● WHAT THE TASK REQUIRES: Leave out pictures; repeat exactly the lines from the "路卡的這台機車是SUZKI RM-Z45" line through the last of the data below.

● SUPPLIED ENTRIES:
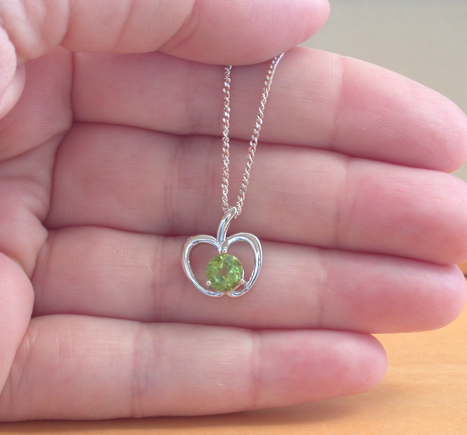 Sterling Silver Peridot Apple Pendant & Chain/Peridot Necklace/Peridot Jewellery/Peridot Jewelry/Gemstone Necklace/August Birthstone/UK
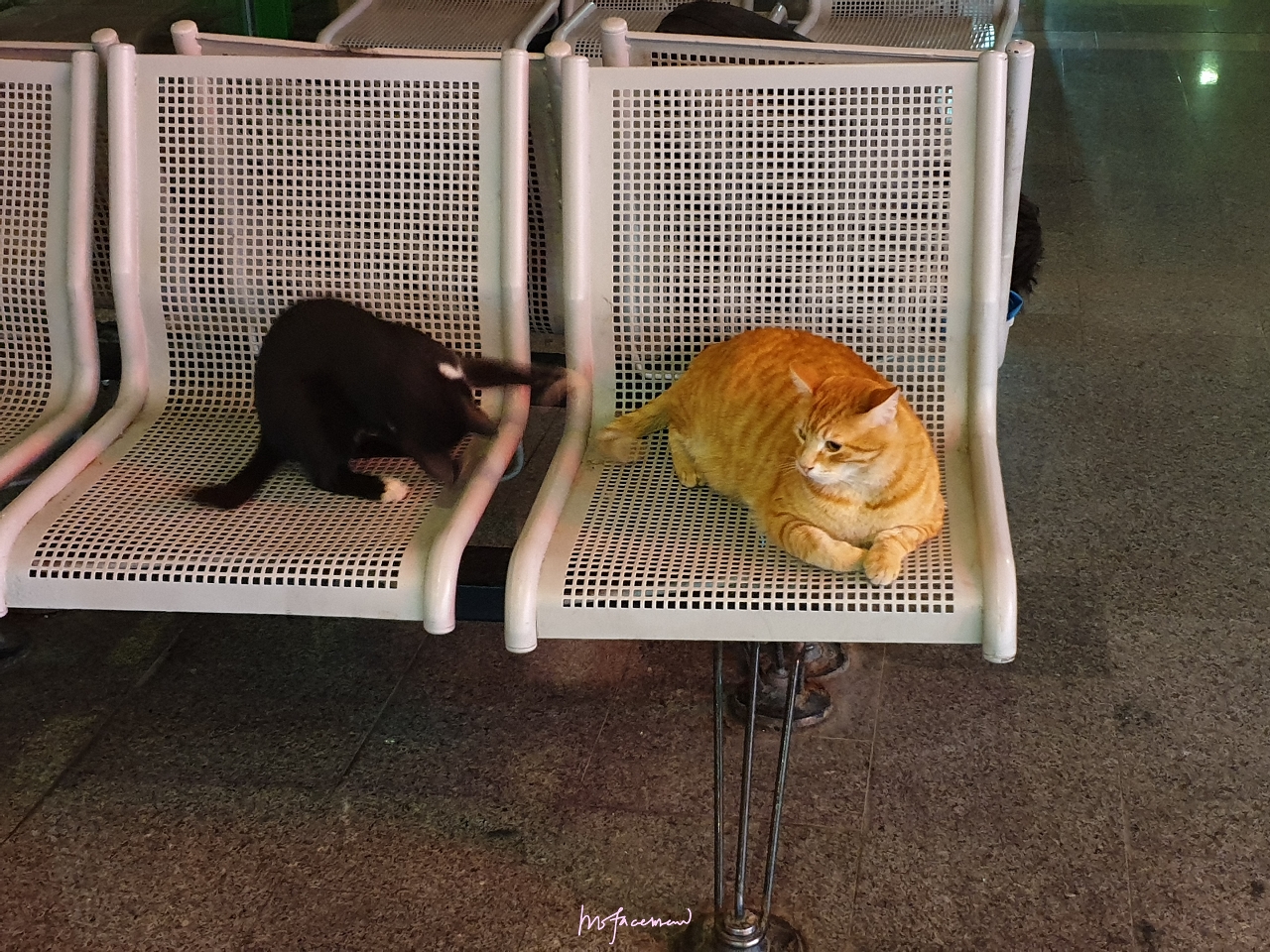 餐廳的貓咪來回奔跑與玩耍
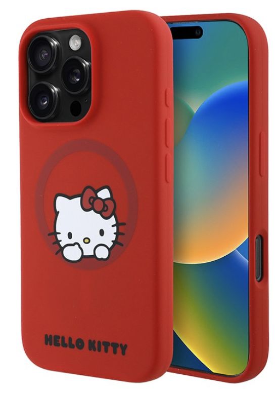 Чехол Hello Kitty MagSafe Liquid Silicone для iPhone 16 Pro Max красный
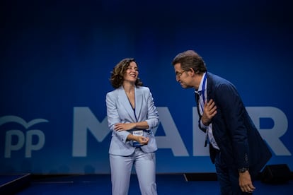 Alberto Núñez Feijóo ha sido convocado este sábado al escenario del congreso del PP de Madrid como el hombre que “hace temblar” de miedo a Pedro Sánchez. Las encuestas sonríen al nuevo líder del partido, que se ha olvidado rápido de Pablo Casado y disfruta de una inusual paz entre la planta primera y la séptima de la sede de Génova, o sea, entre la dirección de la formación en Madrid y la nacional. Pero si, por lo que fuera, por ejemplo, el aire acondicionado, un turista despistado hubiese entrado esta mañana en el pabellón de Ifema donde se celebraba el cónclave y hubiera escuchado los discursos de clausura de Feijóo y Ayuso, seguramente no habría sabido decir cuál de los dos se enfrentará a Pedro Sánchez para ocupar La Moncloa. Es más, probablemente se habría equivocado porque ha sido la baronesa madrileña quien más tiempo ha dedicado a hablar del que no será su rival en las papeletas de las generales.
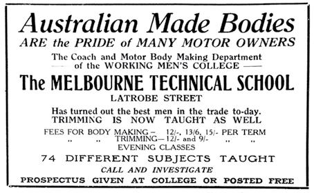 The Working Men’s College established automobile body building classes under instructor Edward Carlton in 1905. Advertisements for the courses appeared regularly in The Australasian Coachbuilder and Wheelwright
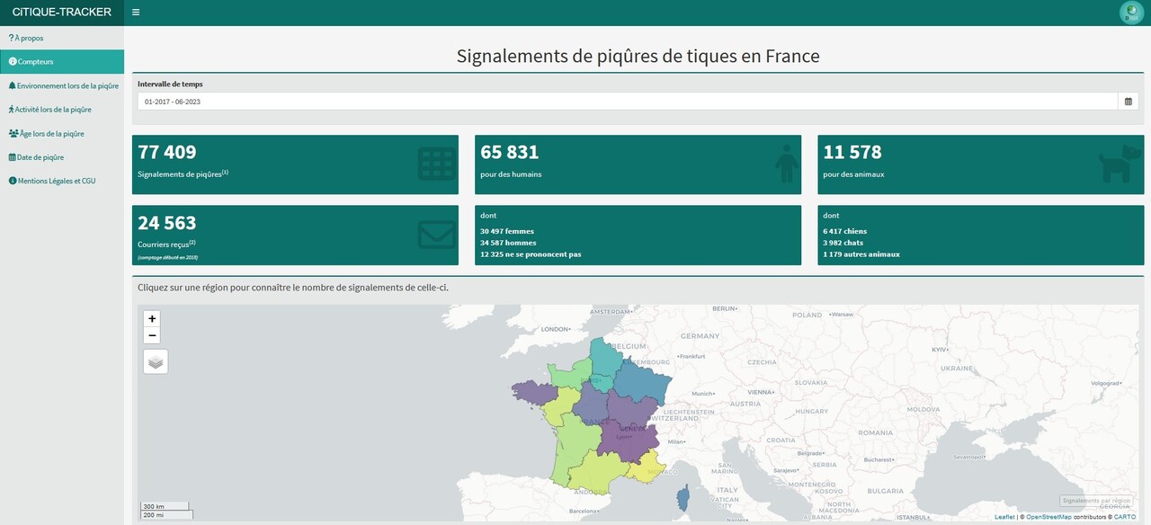 Dans l’objectif de mieux comprendre l’écologie des tiques et des agents pathogènes qu’elles peuvent transmettre (encadré ci-dessous), ainsi que d’améliorer la prévention, l’Inrae a lancé CiTIQUE-TRACKER : le site web https://ci-tique-tracker.sk8.inrae.fr/ permet de visualiser les données de signalement de piqûres de tiques issues du programme de recherche participative CiTIQUE, lancé en 2017.
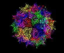 | Adeno-associated virus serotype 2 structure from 1LP3. One fivefold axis shown center. | |
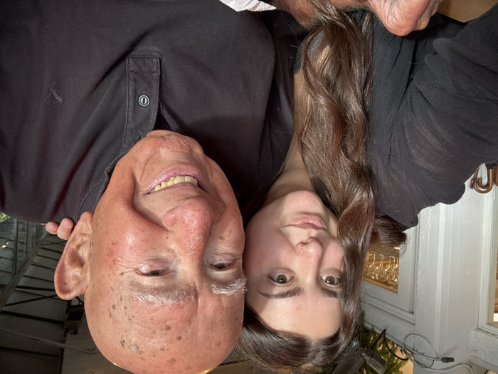 A close-up, selfie-style photograph depicts two individuals, an elderly bald man and a younger woman, smiling directly at the camera
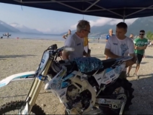 路卡的這台機車是SUZKI RM-Z450的越野車,當然啦!可是有經過大幅度的改造,輪胎改造成能夠在沙地行使的特殊輪胎,還在兩側加上浮板,讓路卡可以在水面上控制方向!這台機車改裝後可是有230公斤重,真的很難想像那麼大台的車竟然可以在水面上移動!
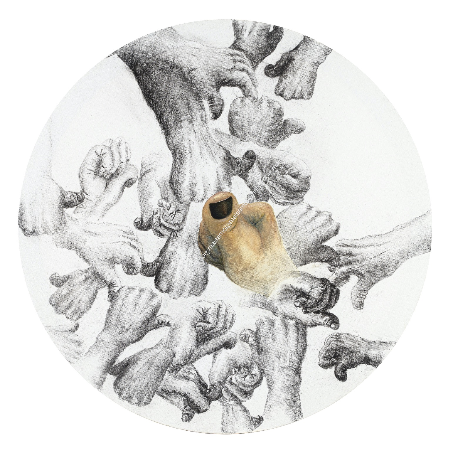 Edes yksi, round diamm.80cm, mixed technics, cotton duck
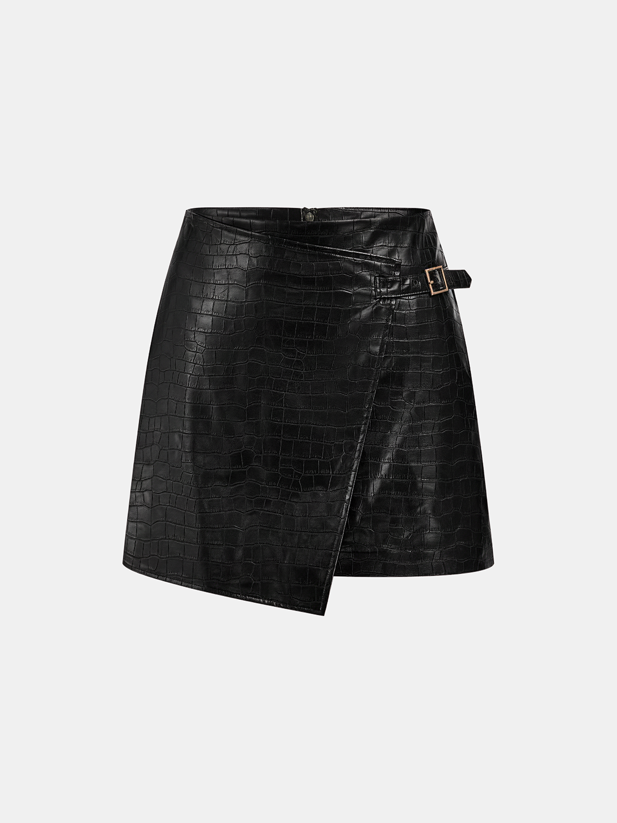 Crocodile Embossed PU Leather Mini Skirt
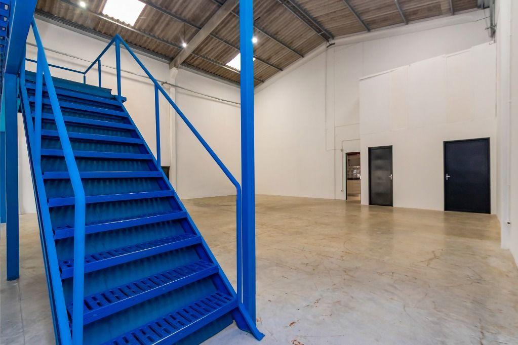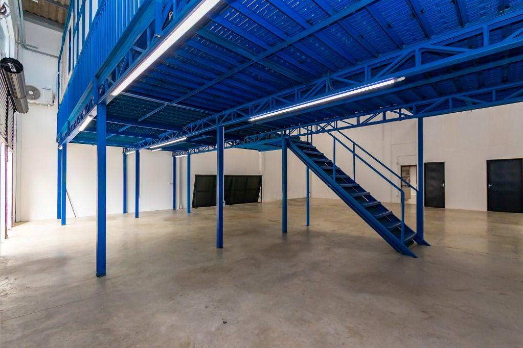 Mezanino estruturado em metal com paredes internas revestidas em MDF

● RESPONSE AREA:
 路卡的這台機車是SUZKI RM-Z450的越野車,當然啦!可是有經過大幅度的改造,輪胎改造成能夠在沙地行使的特殊輪胎,還在兩側加上浮板,讓路卡可以在水面上控制方向!這台機車改裝後可是有230公斤重,真的很難想像那麼大台的車竟然可以在水面上移動!
 Edes yksi, round diamm.80cm, mixed technics, cotton duck
 Crocodile Embossed PU Leather Mini Skirt
 Mezanino estruturado em metal com paredes internas revestidas em MDF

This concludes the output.